It’s time for Albertans to make some choices

Catchphrases from the past often serve as useful substitutes for wisdom. In my case, as I think about these uncertain economic times, the phrase that has been bouncing around in my head is the 1968 Rolling Stones classic, “You can’t always get what you want.”

Catchphrases from the past often serve as useful substitutes for wisdom. In my case, as I think about these uncertain economic times, the phrase that has been bouncing around in my head is the 1968 Rolling Stones classic, “You can’t always get what you want.”

Canadians, particularly Albertans, have been blessed with a long run of prosperity that too often leads us to assume that there is no need to make hard choices. Faced with the choice of whether to spend today or save for tomorrow, we have assumed that the good times will continue to roll and therefore there is no need to save. Perhaps we didn’t go so far as to believe that saving is for losers, but that saving demonstrates a pessimistic outlook on life.

When Albertans have faced the choice between low taxes and a high level of public services, including schools, roads and health care, we used resource revenues to provide both. This fundamental choice, we believed, was something that only less-fortunate jurisdictions have had to face. We truly believed we could have our cake and eat it, too.

Today, however, Albertans face tough choices that are unavoidable. Only deficit financing will allow us to keep services up and taxes down.

It is important to stress that the hard choices are not ones for the government of Alberta to make; they are ones for Albertans to make. If voters demand that its government spend, it will spend even at the expense of savings. If voters demand that its government spend and keep taxes low, government will respond with an unsustainable reliance on volatile natural resources revenues.

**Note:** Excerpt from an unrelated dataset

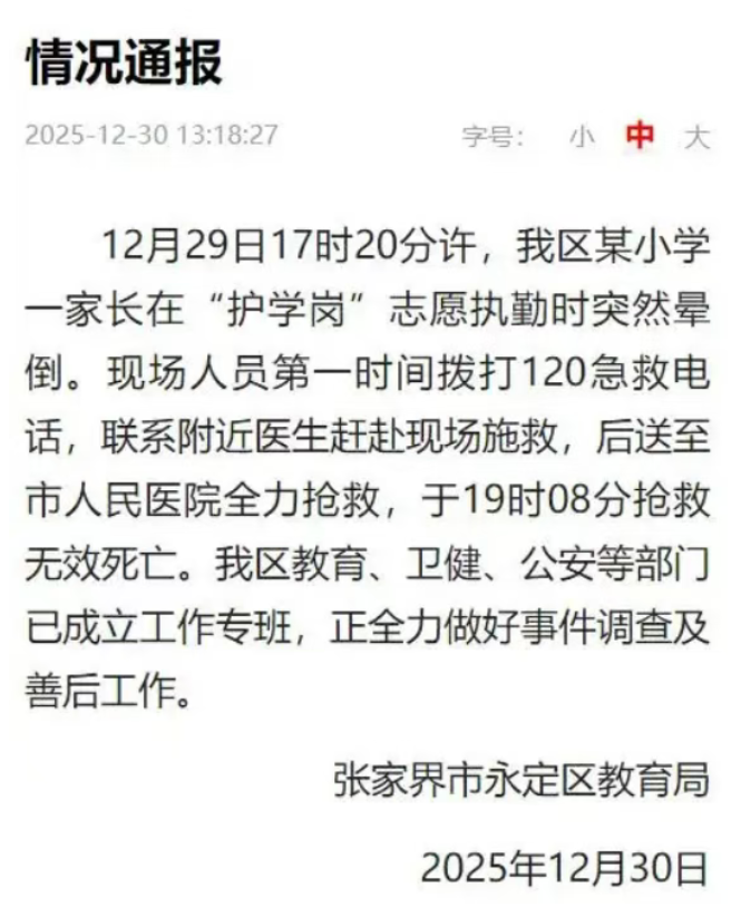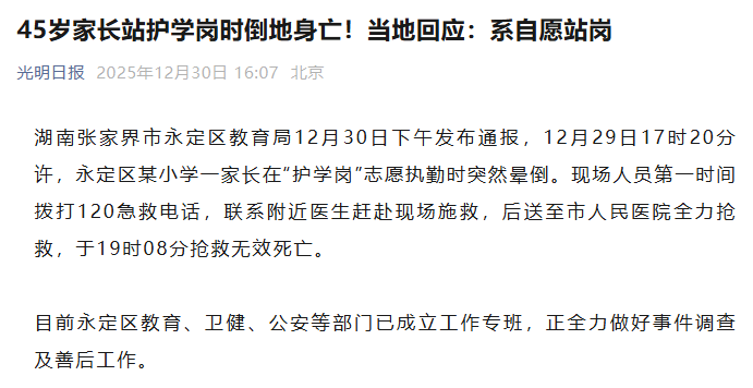 12月29日下午炒股杠杆配资,湖南张家界永定区一所小学门口,一名45岁的家长站在“护学岗”执勤时突然晕倒。现场急救、送医抢救,最终没能挽回生命。

True, there is a need for government leadership, but it is the expectation of voters that have to be brought in line with new economic realities.

Voters often take refuge in the belief that the circle of low taxes and expansive government services can be squared if only governments were more efficient and less wasteful. However, to believe that the continuation of public services can be met through greater efficiencies is a fool’s game.

My hope is that the current financial crisis will force Albertans to think through the future of their province.

Roger Gibbins is president of the Canada West Foundation.